To extend and mangle your analogy, lol sorry 😛 learning to code provides the digital consumer/consumed with a better understanding of the structures that they inhabit/use and the means to change them, perhaps…?
Yes, definitely! On one level knowing how something is made lets you fix and modify it. On another level you can begin to understand how it is operating and – potentially – using you.
Learning to code seems like it has a DIY vibe but really it still engenders a reliance on a great many structures, systems and collaborators beyond immediate cognition.
While it may provide a user/individual with a level of independence at first, how do you think a coding-informed public will impact the digital/environment in years to come?
I hope that a digitally literate public will they begin to dictate the direction that their lives and surrounding environment takes.
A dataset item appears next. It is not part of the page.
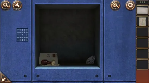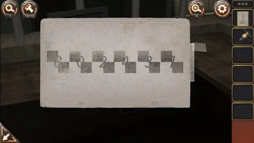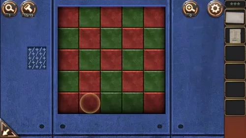 调查左侧墙壁,根据左边的提示移动方块完成两次小游戏(下图是第二次小游戏的配图),得到一块磁铁。

It’s often said that knowledge is power and now, more than ever, it couldn’t be more true. The amount of information flying around us, and the power that it possesses, has been highlighted in many high profile and occasionally unfortunate events. Chelsea Manning, Aaron Swartz, Julian Assange/Wikileaks and many others have fought to make us more digitally literate at their own expense. Code literacy is likely to benefit us through a better understanding of how computers are intentionally produced to use us and a digitally literate public can work to fight this.